В этом доме все принадлежит Арлетт. А он собирается... Всерьез собирается... Накатывает острое желание напиться. Не глинтвейна, а чего-нибудь покрепче. Достает из кармана телефон, и с зарядником в одной руке, и телефоном в другой спускается вниз.

— Ребят, извините. Не то, чтобы я вас выгоняю... Но мне тут позвонили... Нарисовалось срочное дело.

— На ночь глядя? — усмехается Макс. — Да ладно, мы все равно уходим. На завтра все в силе?

— Да.

Литвинский никогда не прячется от проблем. Прямой откровенный взгляд Маше в глаза. Ее губы кривит презрительная усмешка. Она все поняла.

____________

Пока брел под снегопадом по улочкам Тиня, желание напиться пропало. И вдруг захотелось позвонить Альке. Зашел в кафе, долго обсуждал с симпатичной официанткой свой заказ, повеселил ее изрядно, выбрав в наказание себе самое длинное и заковыристое название в меню, которое и выговорить-то смог с пятой попытки, и то — с помощью Ивет, как гласил бейдж на ее объемной груди. Вот, правильно, Литвин, смотреть можно, улыбаться можно. Все остальное — ни-ни, если не хочешь больше себя чувствовать кучей дерьма.

И, в ожидании заказа, поднес к уху телефон.

— Аль, привет.

— Тима?! Привет. Что-то случилось?

Голос хриплый, спросонья. Разбудил. Отчего-то угрызений совести — ноль.

— Ничего не случилось. Просто захотел услышать твой голос.

— Арти? Точно все в порядке?

Откидывает голову назад, прижимаясь затылком к стене, обшитой деревянными панелями, закрывает глаза.

— Точно. Захотел услышать, позвонил. Нельзя?

— Можно, — голос растерянный. Потом интонация меняется. Теплеет. — Я приеду послезавтра, утром. Как договаривались. На несколько дней. Будешь ждать меня?

— Куда я денусь. Конечно.

Ему приносят заказ. То самое заковыристое оказалось вполне нормальным на вид десертом, возможно даже — съедобным. Сейчас проверим. Улыбается официантке, отпивает кофе. Ему полегчало.

________

— Темыч?

— Угу...

— Еще дрыхнешь?

— Нет, уже встал.

Врет, на самом деле. Телефонный звонок Макса его разбудил. Но, если нужно, он будет готов в полчаса.

— Что, просохли наши красавчики?

— Очень частично. Только девки, да и то не все. Но одна особо активная рвется в бой.

— Маша ей в помощь.

— Она не хочет Машу. Она хочет тебя, раз уж ты свободен. Артем, ну ты ж справишься с ней... Покатай девушку, тебе ведь не сложно? Ты ж понимаешь, клиент всегда прав.
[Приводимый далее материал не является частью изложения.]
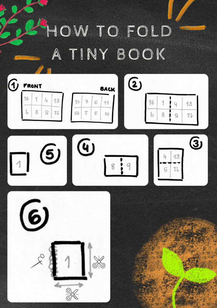 In essence, a tiny book is an A4 piece of paper, somehow folded to created a 16-pages book, including the cover. You won’t believe how simple it is !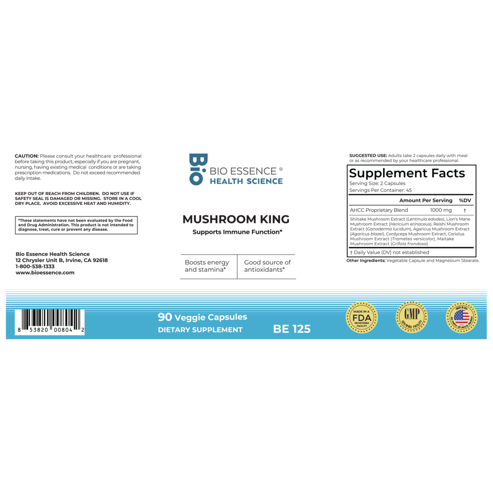 Mushroom King brings together six of the most powerful antioxidant mycelial extracts – reishi, maitake, shiitake, agaricus, coriolus, and cordyceps. Combined in one supplement, they enhance cytokine levels for better cellular function; while the amino acids support liver, brain, and immune system function to promote good health.*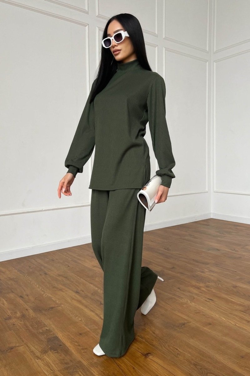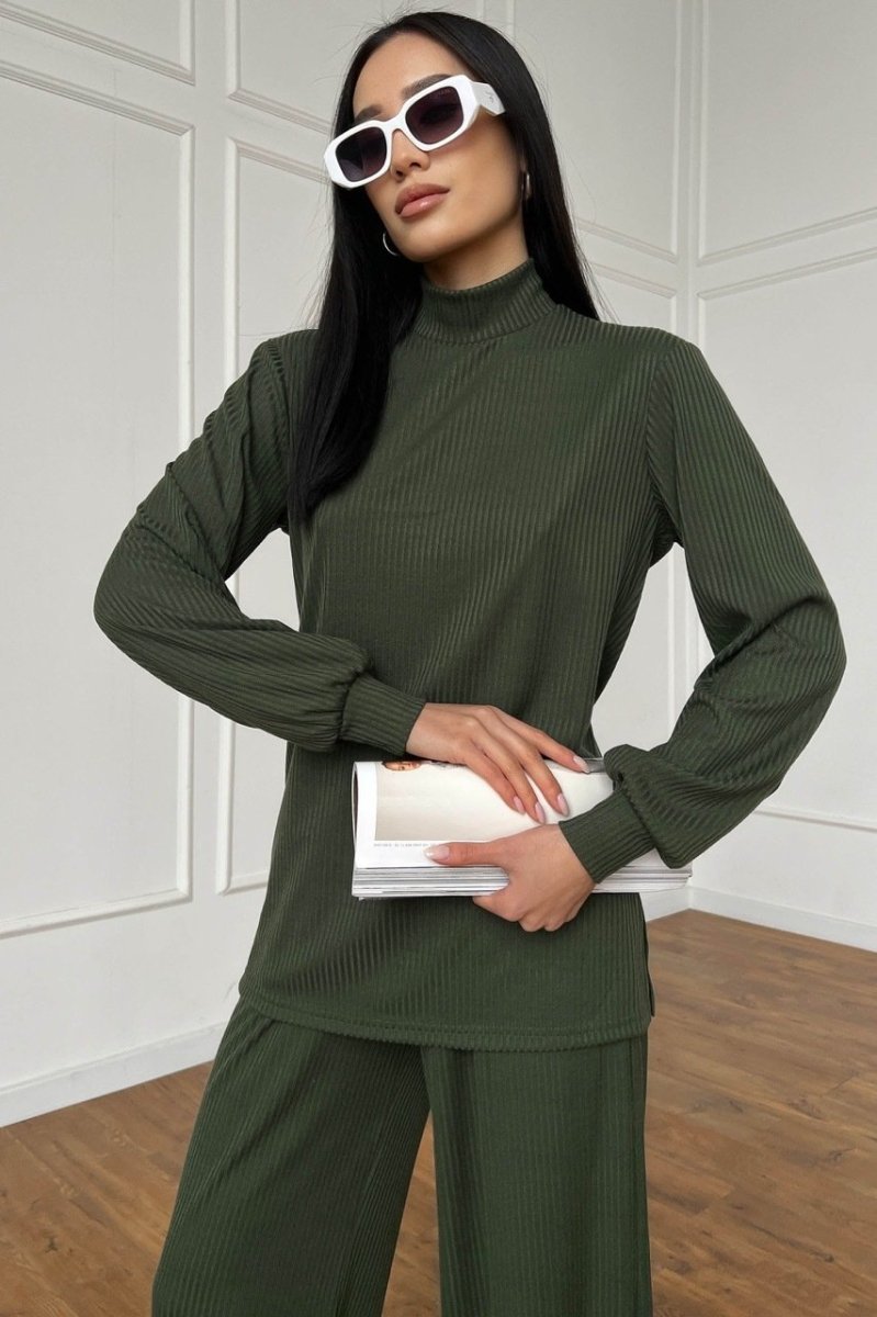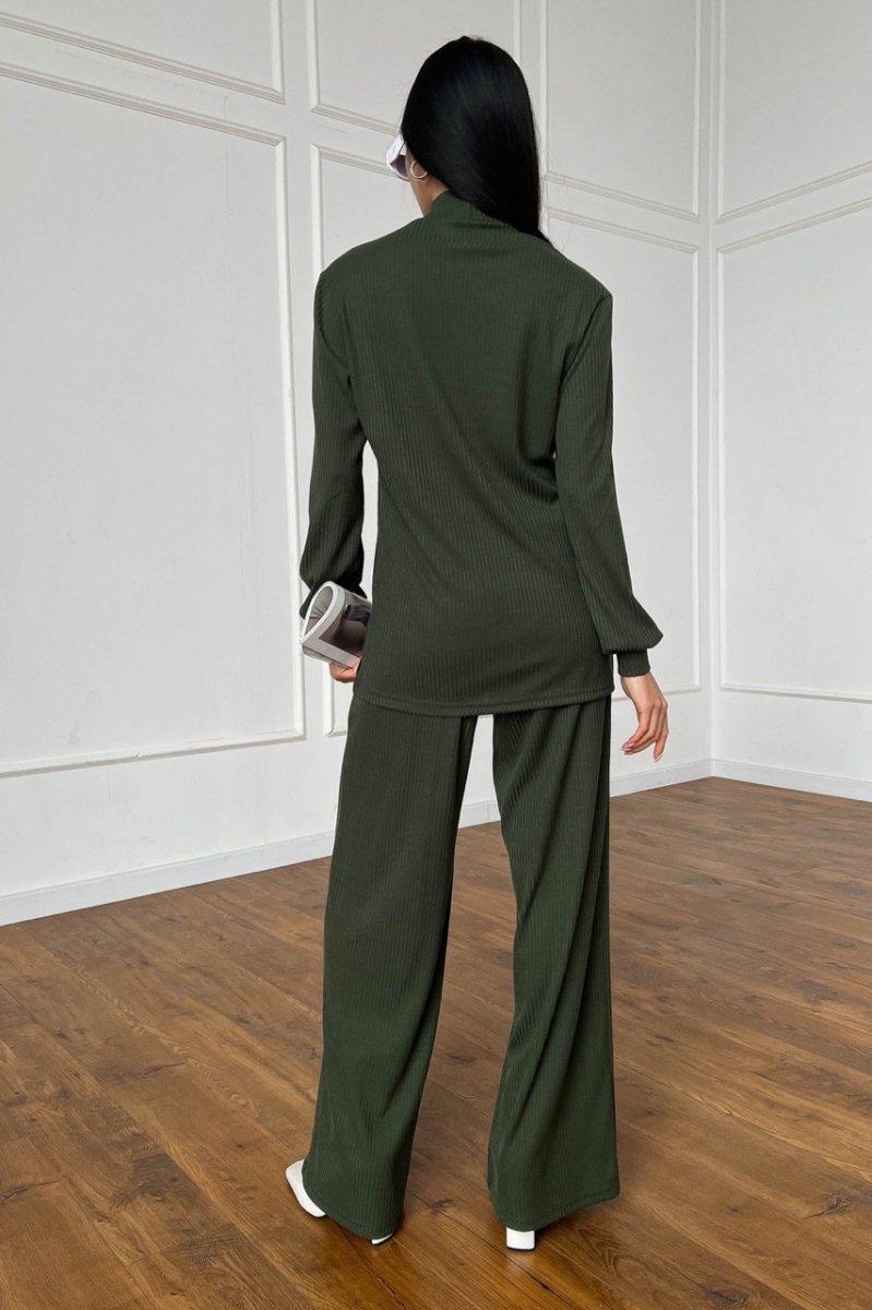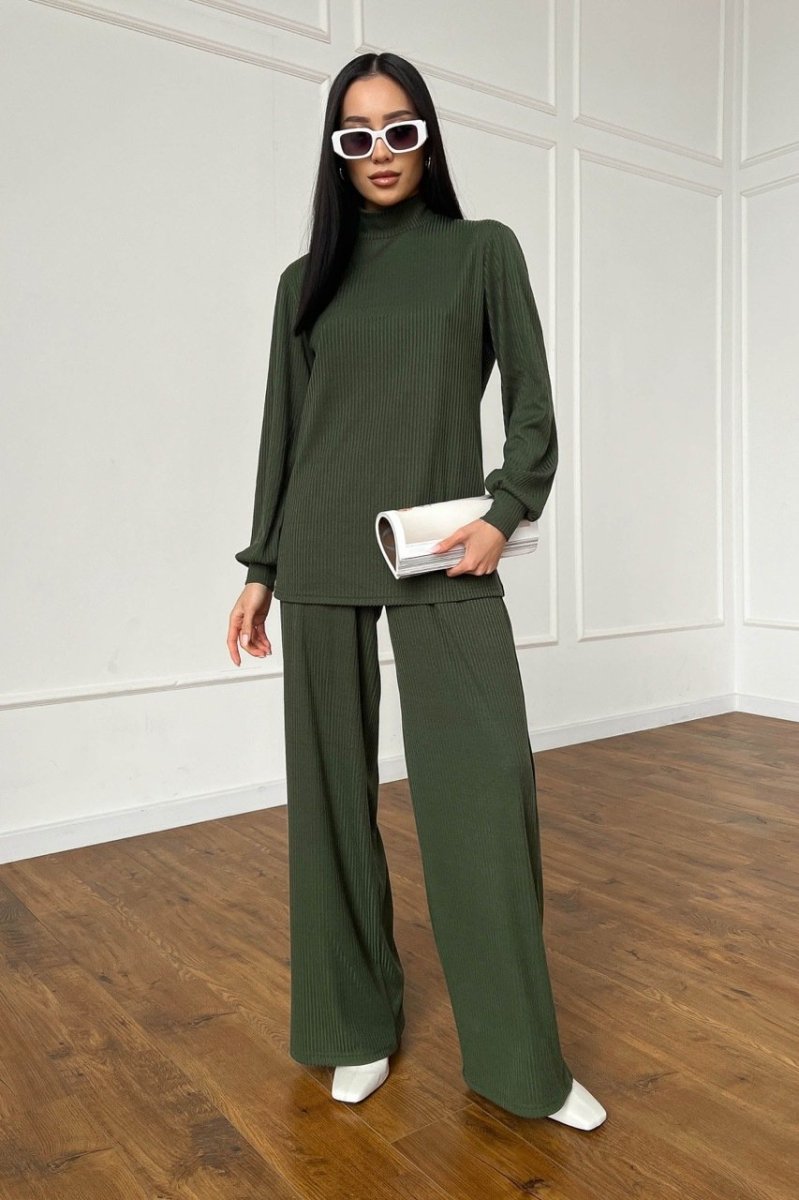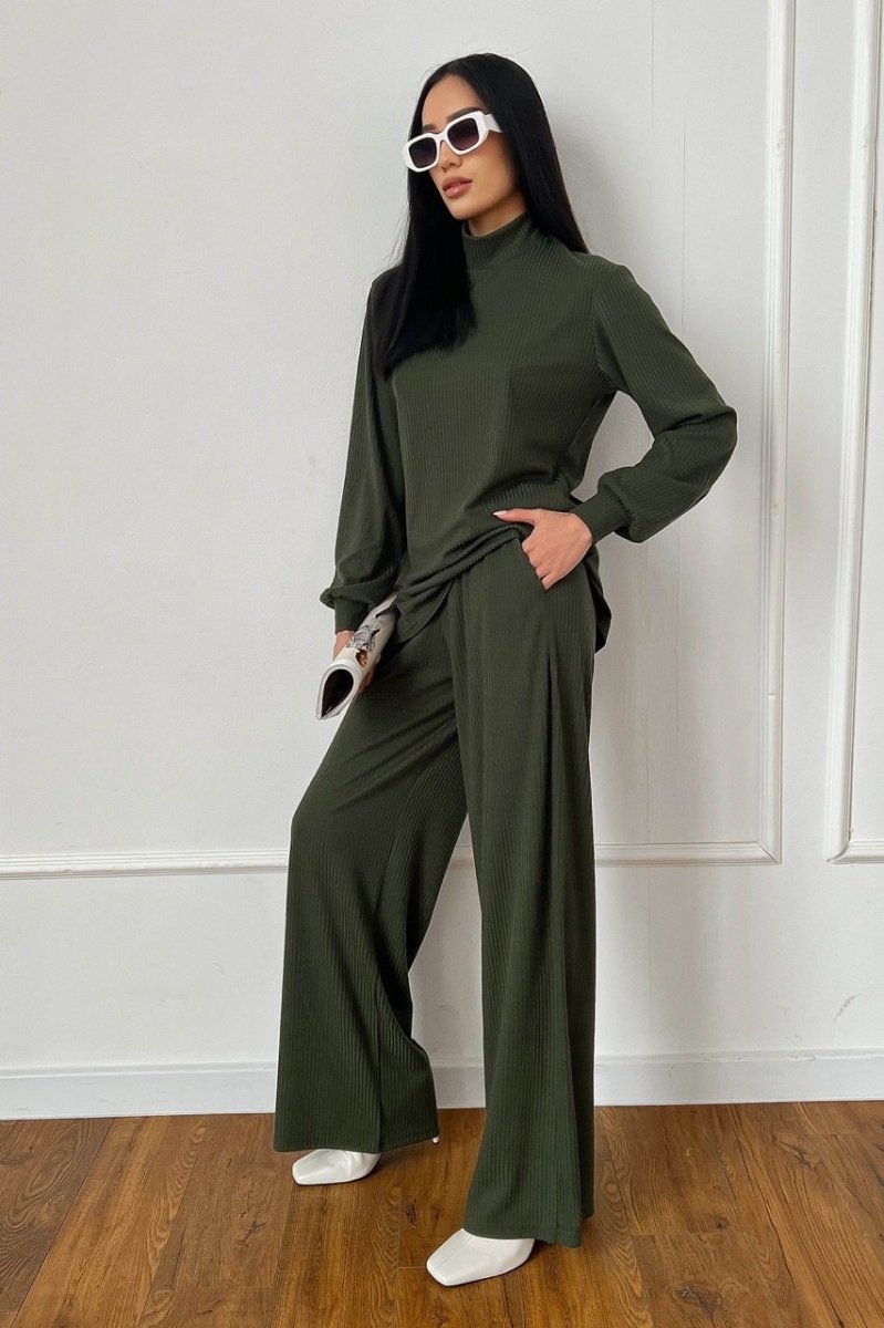 Модель кроя oversize с туникой и широкими брюками с высокой посадкой на талии.

— Понимаю, — зевает. — Полчаса у меня есть?

— Думаю, у тебя есть час, — ржет Макс. — Как только я скажу Ленке, что ты согласен... Думаю, ей понадобится время, чтобы подготовиться к встрече с гидом своей мечты.

— Смешно тебе, — вяло огрызается Литвинский. Голова спросонья нифига не работает. Надо в душ, и, желательно, холодный. Чтобы проснуться.

____________

Лена во всем новом, с иголочки. Ослепительно-белая курточка Lacroix со стразами и меховой опушкой на капюшоне, как же без этого? Обтягивающие брючки, тоже белые. Вообще, по мнению Литвинского, белую горнолыжную одежду покупают только самоубийцы — не видно ж человека на снежном склоне. Но, видимо, в данном конкретном случае, жажда красоты пересилила доводы разума. Конкретно пересилила. Накрашена Лена так, словно собралась в ночной клуб, а не на склон. Впрочем, до ее лица Литвину дела не было. Но она ж и кататься не умела, ну совершенно. Его слов и объяснений не слушала, пищала, верещала, цеплялась в него мертвой хваткой. Пару раз умудрилась уронить весящего раза в два больше ее Литвинского, хорошо хоть без последствий, не считая пары миллионов убитых нервных клеток гида. Давно он с такими не работал, ох, давно, отвык. Ну, совершенно безнадежный случай. Вот же удружил Макс...

— Артееееем... Я устала! Пойдем, выпьем глинтвейна?

— Хорошо, — он успел прийти к выводу, что с Леной лучше не спорить. Хочет в кафе — пойдем в кафе. Себе дешевле. Цели научиться кататься это передержанное в перекиси и солярии чудо явно не ставило, поэтому у Литвина один выход — улыбаться и ждать, когда Лене надоест. Он еще придумает, как отомстить Полякову. Безусловно, деньги не пахнут. Но не настолько же...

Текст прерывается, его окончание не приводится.